Unless you have asked numerous colleagues to explain in detail how they actually distinguish small real effects from background variations, some of the techniques they employ may be a surprise and very counterintuitive to you. In Figure 1 , a small data set is given, and then it is explained how pathologists who use each method prepare the data, what information they extract, and how they use it to decide whether the difference in the data is real or just a chance event. If the detailed descriptions in the body of the text appear confused or pointless, refer to the concrete examples of each method in Figure 1 to give you insight into each method’s rationale.
Illustrations of the practical application of the discriminant methods.
The comments on the relative strengths and weaknesses of the various methods are based on data and analyses drawn from some arcane techniques. These techniques, and the detailed results from them, have already been published in the peer-reviewed literature (Holland 1996, 2001, 2005, 2010). The intention in this article is to point out the practical consequences of these earlier results. Those interested can go to these original references to see the detailed data that support these recommendations.
The sensitivity of the various methods is compared in these terms: the size of treatment effect for the method under discussion to just achieve 80% power has been measured (this is a conventional target for sensitivity, meaning that if an experiment were run 100 times with the same or a certain difference between the groups at the same confidence level, then it would detect the difference 80 times [Holland 2010]). This size of effect that achieves 80% power for each method is compared with the size of treatment effect needed to be detectable with 80% power by the most powerful of the techniques (in this case the Ordering Method using a Wilcoxon-Mann-Whitney test [WMW]) at the same power [Holland 2010]). The result is given numerically as a percentage increase—so a method that achieves 80% power only when there is twice the difference between the groups required for the Ordering Method to achieve this power is described as requiring a 100% increase in effect compared with the Ordering Method.
Assumptions
The following are assumed: Two groups of 10 animals need to be compared to see if a real difference between them exists—so this article covers typical rodent studies but not large animal studies, with group sizes of 3 or 4, nor carcinogenicity studies. The difference (or lack of it) needs to be expressed in objective terms, even if the data themselves are subjective. The feature of interest is known before the unbiased examination takes place, so there is no need to find the difference between the groups during the examination.
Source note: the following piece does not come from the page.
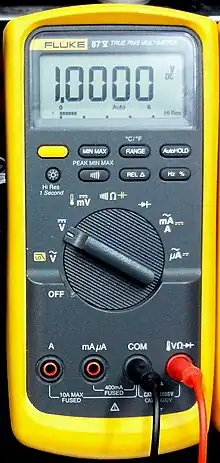 Primul multimetru digital a fost fabricat în 1955 de Non Linear Systems.[24][25] Se susține că primul multimetru digital portabil a fost dezvoltat de Frank Bishop de la Intron Electronics în 1977,[26] care la acea vreme a reprezentat o descoperire majoră pentru service-ul și găsirea defectelor în domeniu.
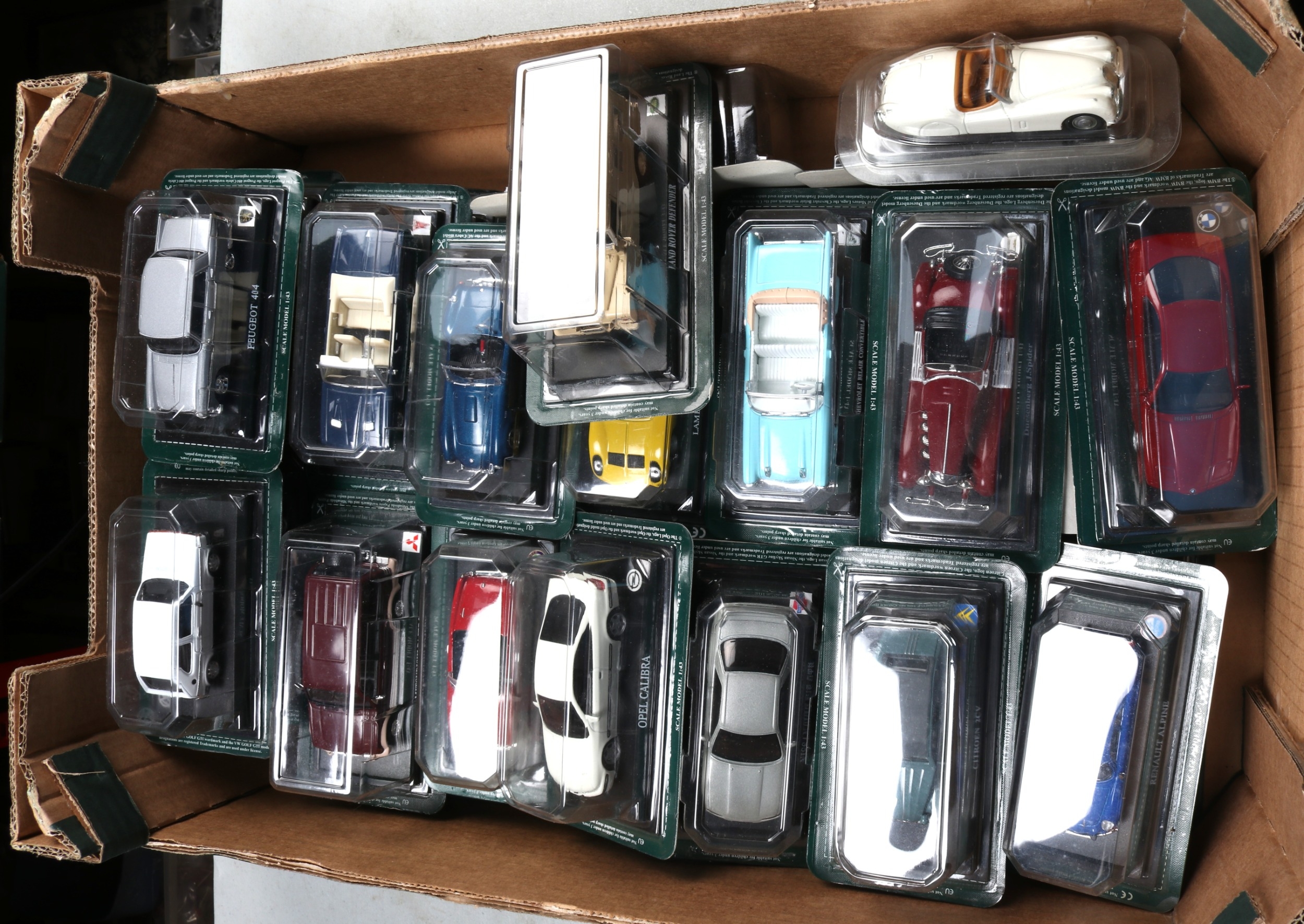 34 magazine issue 1/43 vehicles. Including- Land Rover Series III. Peugeot 404, Renault Alpine, Citroen 2CV, Volkswagen Golf GTI, Nissan Skyline GTR, Toyota Celica, Alfa Romeo Giulietta, Mitsubishi Pajero, Pontiac GTO, Renault 5 Turbo, Lamborghini Miura, BMW 850i, Cobra 427, Chevrolet Bel Air Convertible. Opel Calibra, Dodge Viper and a Morgan Plus 4. Most as new still sealed in their packets. £70-90

This requires a prior examination of the material to identify what is putatively related to treatment and what is not. There are no features other than the one of interest that could indicate from which group an individual comes. The slides can be randomized and examined blind to treatment, group, or findings in other organs, without the histopathologist being able to recall to which group any individual belongs (if she or he did the initial examination to identify features of interest, for example). The final assumption is that a toxic effect is only a change in one direction and that a change in the opposite direction is innocuous (so increased hepatic bile pigment is an indication of toxicity, but a treatment-related decrease in bile pigment is not an indication of toxicity). In technical terms, these are simple alternative hypotheses that would be tested with a one-tailed test. In some organs, this clearly cannot hold—both increased and decreased cellularity in lymphoid organs can be regarded as indications of toxicity. However, extending the idea from simple one-sided testing to composite hypothesis two-tailed testing follows naturally from the work outlined here.
Methods
Ordering Method
In this method, the pathologist places the slides in order from those showing the most extreme form of the feature of interest to the least (or the least to the most affected, which is an equivalent procedure). The slides need to be placed in rank order (see Figure 1 for an illustration). So if one were interested in centrilobular hepatocellular hypertrophy as a possible treatment effect, one would find the individual with the most prominently hypertrophied lobules, then the second most prominently affected individual, the third, and so on to the least affected.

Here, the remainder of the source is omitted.